Tell them to **** off


----------



## Benco (Jan 30, 2013)

Sounds like a client from hell, I'm not a pro photographer but I've had people like this approach me about commissioned art, they never know what they want but are also never satisfied, you end up in some sort of bizarre guessing game with them providing increasingly useless direction. 

It's not worth it.


----------



## BrianV (Jan 30, 2013)

Sounds like they need you more than you need them, but they are clueless about that fact.

Reshooting a wedding performed three years ago because they did not like the originals. Wow.

Pinky to Lip, "One MEEELLIONNN Dollars"...


----------



## nycphotography (Jan 30, 2013)

Just post up the original on your site, plus your own edit. then add their version as "client directed editorial version".  I'm assuming it was commercial work, so call their version "as published".

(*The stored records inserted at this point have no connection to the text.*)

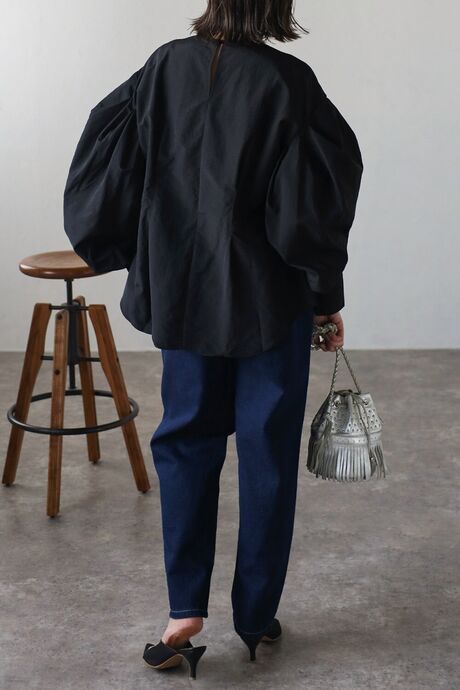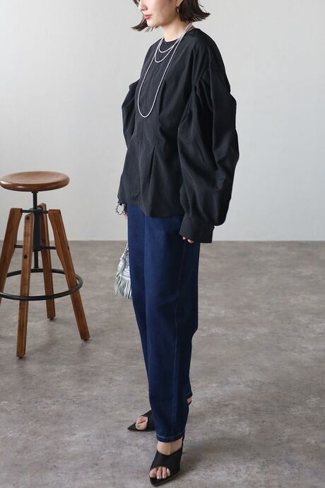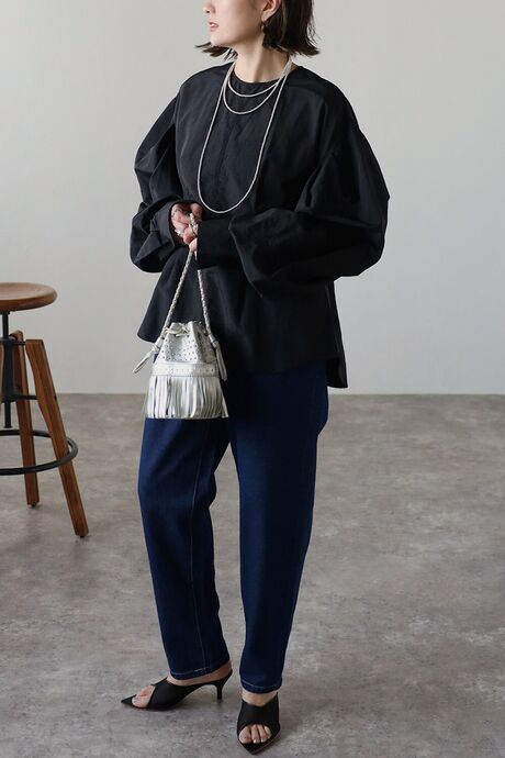 コンパクトなトップスを合わせたり、シャツをフロントインするなどシルエットを活かしたスタイリングがおすすめ。
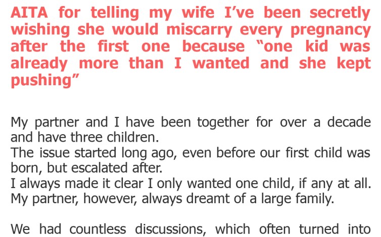 "AITA for telling my wife I’ve been secretly wishing she would miscarry every pregnancy after the first one because “one kid was already more than I wanted and she kept pushing”"
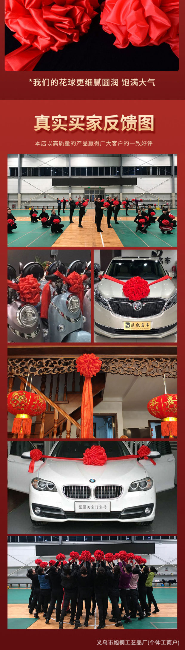 批发大红花球汽车大红花表彰开业剪彩绸缎大红花乔迁结婚红绣球
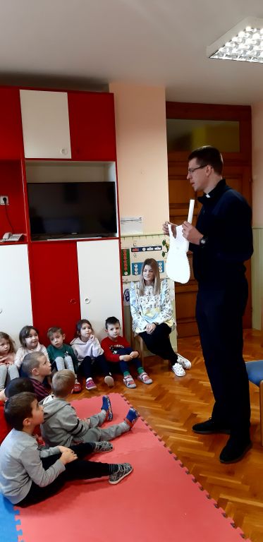 Na radost djece i odgojiteljica, naš đakon je odsvirao na gitari nekoliko duhovnih pjesama.
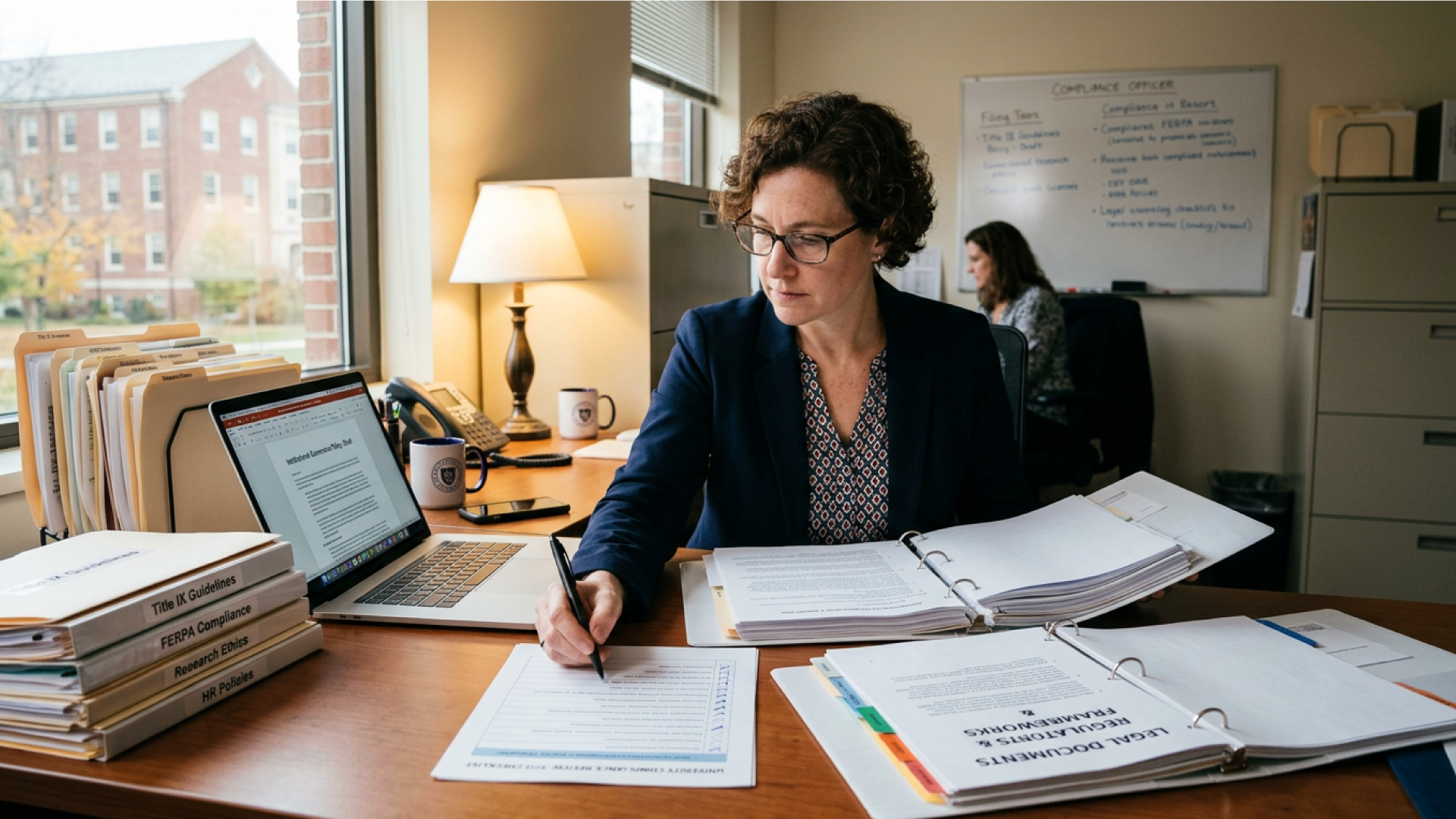 A compliance officer reviewing institutional frameworks and legal documents to ensure university standards are met.
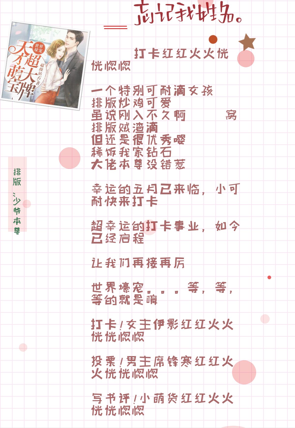 The new month of May has arrived, and a new check-in has begun. Check-in business continues let us keep up the good work Start checking in today! Check in! Come on, come on, come on Vote! Come on, come on, come on Book review! Come on, come on, come on

Everyone understands that you don't control how the client interprets commercial work once you're done with it.


----------



## KmH (Jan 30, 2013)

+1 on pgriz's comments. The OP used some poor business practices which was a major part of the problem.
It is a good business practice to have a qualified attorney check to make sure your contract covers all the necessary bases.

From a legal perspective, there is no copyright release. Note that copyright law is federal law.

There *is* a copyright transfer.

Copyright is a bundle of rights. A photographer can retain all the rights to images they make while granting partial usage of copyright by someone else. The photographer can limit the allowed use in an astonishing variety of ways including limiting the length of time any usage privileges apply. The document that spells out those provisions is known as a use license. What a lot of retail photographers call a 'print release' is in fact a use license.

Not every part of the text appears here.